Ele nem se importa, cara. Não mesmo. E quem chora no final de tudo? Isso mesmo, a trouxa que corre atrás dele por anos, e não adianta quantos foras leve, vai sempre perdoar e implorar por sua amizade e companhia. Eu.

Eu ficava lá, olhando pra ele que nem uma tola, deixando as lágrimas escorrerem por meu rosto. Cada dor, cada mágoa, cada ilusão, cada momento... Tudo me vinha a mente. Tudo me vinha em lembranças. Eu chorava por elas, mas cada lágrima só mostrava o pior. 

Eu choro muito. Choro todos os dias. Entro no banheiro e choro, depois eu ajeito meu rosto, lavo, faço de tudo para disfarçar e saio como se nada estivesse acontecendo. 

Músicas? Agora eu entendo a letra. Tão nova e já sofrendo assim. Que decepção. Eu sou uma decepção. Eu sou trouxa, me iludo por qualquer coisa, por qualquer olhar, sorriso, toque. Eu morri por dentro. Meu psicológico está destruído. Tudo está em ruínas. Tudo dói. Tudo machuca. Eu lembro de cada palavra, de cada tortura. Mas, lembro das boas lembranças. Aí é que dói mais.

Vejo tantas pessoas desistindo de seus amores, passando para o próximo, esquecendo rapidamente. Tantas pessoas tendo vários contatinhos, gostando de mais de uma pessoa. Enquanto isso, eu estou na mesma. Na mesma pessoa, na mesma trouxice, na mesma ilusão, na mesma expectativa de que algum dia tudo volte a ser como antes. Eu não quero ele como meu amor. Eu o quero como meu melhor amigo, como era antes. O tempo não volta, e eu o desperdiço chorando.

Eu fico imaginando, meus filhos vão perguntar de minha infância, de minha juventude. A única coisa que eu vou poder responder é "eu fui uma decepção. Eu me sentia um lixo, eu tinha baixa autoestima, eu sofri pelo mesmo garoto por anos, eu vacilei muito, eu vi meu antes melhor amigo virando "colega", se isso era. Eu fazia todos irem embora e queria resgatá-los. Eu amei, não fui amada, me amaram, eu não amei. Foi tudo confuso. Eu fui uma vacilona, fui uma decepção. Não sejam parecidos com a mãe de vocês. Eu fui triste, eu chorei a toa. Eu chorava ouvindo músicas, vendo séries e filmes que me lembravam de um certo "alguém". Eu deveria ser feliz, estar brincando, curtindo. Mas eu só chorei. Eu fui um lixo, e não era reciclável."

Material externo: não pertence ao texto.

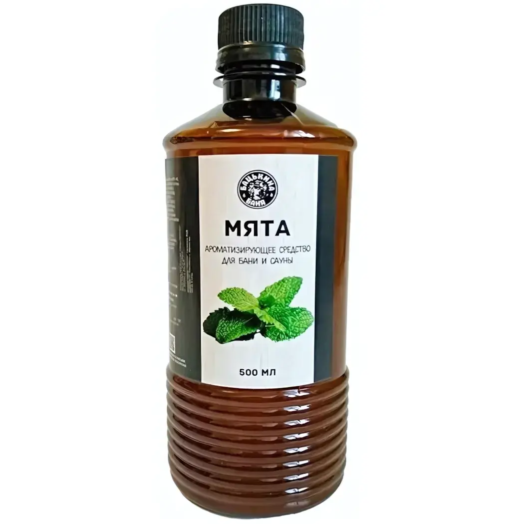 Ароматизатор имеет коричневый цвет и выполнен в форме вертикально вытянутой бутылки. На этикетке изображены листья мяты, что подчеркивает натуральность продукта. Объем бутылки составляет 500 мл, что делает его идеальным выбором для регулярного использования в бане или сауне.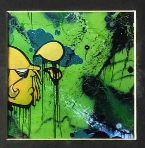 This contemporary 599 x 611 mm artwork is executed on paper, featuring a vibrant and aggressive color palette dominated by lime green, primary yellow, and deep navy blue. The composition is grounded in street art and graffiti aesthetics, utilizing heavy black outlines and intentional paint drips. On the left side of the frame, a stylized, cartoonish figure is visible, rendered in bright yellow with a black hat, long hair or dreadlocks, and an abstract facial structure reminiscent of early 2000s urban character design. The background is a complex layering of splattered paint, washes, and drips, creating a sense of chaotic movement and depth. The application technique suggests the use of markers, spray paint, or high-flow acrylics. The contrast between the saturated yellow character and the textured, dark-veined green background provides high visual impact. While the artist is unknown, the craftsmanship displays a confident hand in line work and a deliberate use of 'decapitated' drips to convey a sense of edge and urban decay. The condition appears to be stable, though the image shows it is housed in a simple metallic or white frame within a dark mount, which might obscure the edges of the original paper. No visible artist signature is discernible on the face of the work, suggesting it may be signed on the reverse or is part of a series. The style suggests it was created in the late 20th or early 21st century.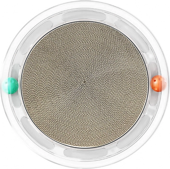 Drapak PETKIT to sprytne mini boisko dla kotów, które łączy naturalną potrzebę drapania z interaktywną zabawą. Tor biegnący po obwodzie skrywa dwie kolorowe kule – pomarańczowa z dzwoneczkiem pobudza instynkt łowiecki, natomiast zielona z zapachem kocimiętki zachęca do dalszej aktywności. Środkowa część z wysokiej jakości falistego kartonu służy jako wygodne miejsce do drapania i odpoczynku.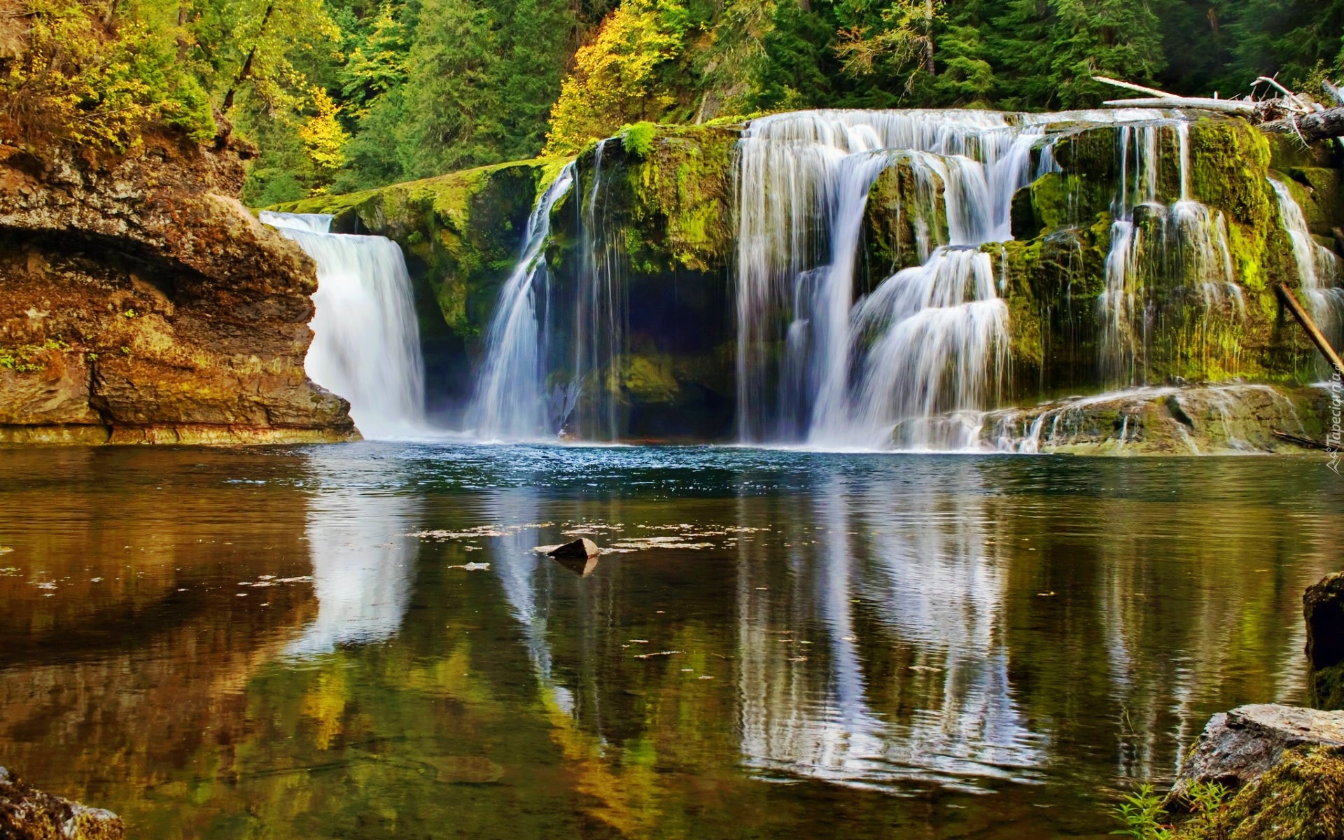 Edytor tapety: Las, Skały, Wodospad, Jeziorko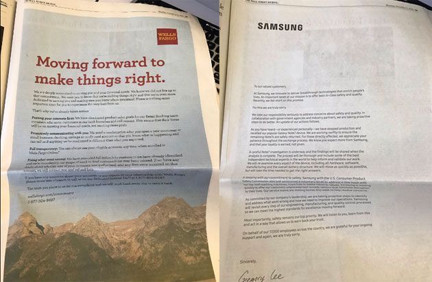 La società ha già detto che intente concentrarsi per tutto il 2017 su cosa fare per ritrovare la fiducia persa dei consumatori, e un primo passo verso questo obiettivo pare sia proprio aver pagato per la pubblicazione di un annuncio di scuse a tutta pagina nei tre maggiori quotidiani americani di carta stampata – The New York Times, il Wall Street Journal e il Washington Post.

Eu tenho medo de magoar, mas o pior é que sou magoada e só choro. Não consigo excluir pessoas da minha vida, sempre vou correr atrás. Pessoas sensíveis fazem isso. Pessoas trouxas fazem isso. Pessoas como eu fazem isso. Pessoas como eu se decepcionam, e apenas.

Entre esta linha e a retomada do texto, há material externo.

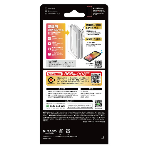 パッケージ内容:ガラスフィルム1枚、レンズフィルム1枚、貼付ガイド枠、クロス、ウェットクリーナー、ホコリ除去シール、保証カード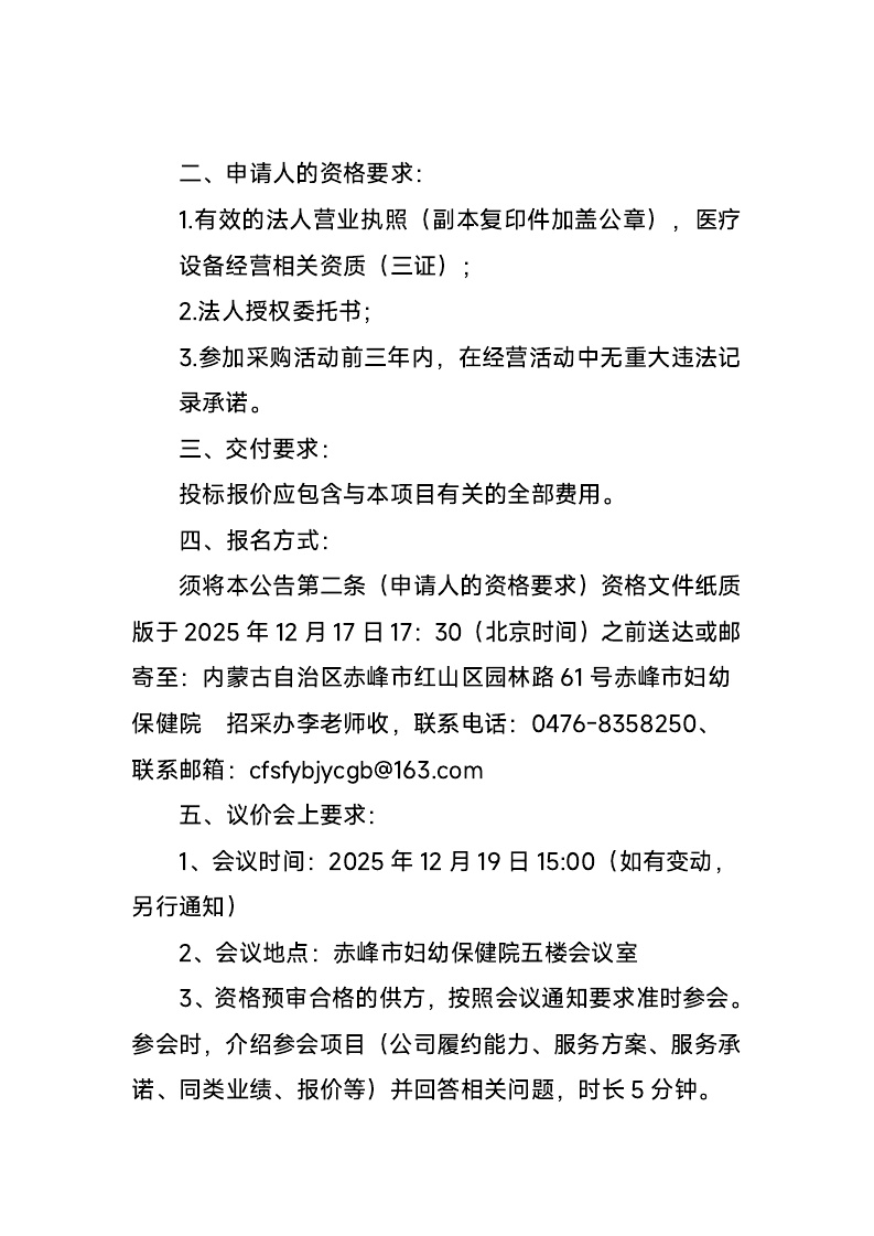 上一条:赤峰市妇幼保健院放射设备年度监测服务项目采购公告

Eu tenho pensamentos suicidas, eu tenho vontade de morrer, eu vejo algum lugar muito alto e penso como seria se eu pulasse dali. Eu me quebraria ou morreria? Pessoas comemorariam por minha morte ou ficariam triste pela minha vivência? 

Eu estou morta. Estou morta por dentro. O que me basta são apenas meus órgãos e minha carne.





Notas Finais


Dói mesmo. Talvez não pare de doer tão cedo. Acho que você suporta.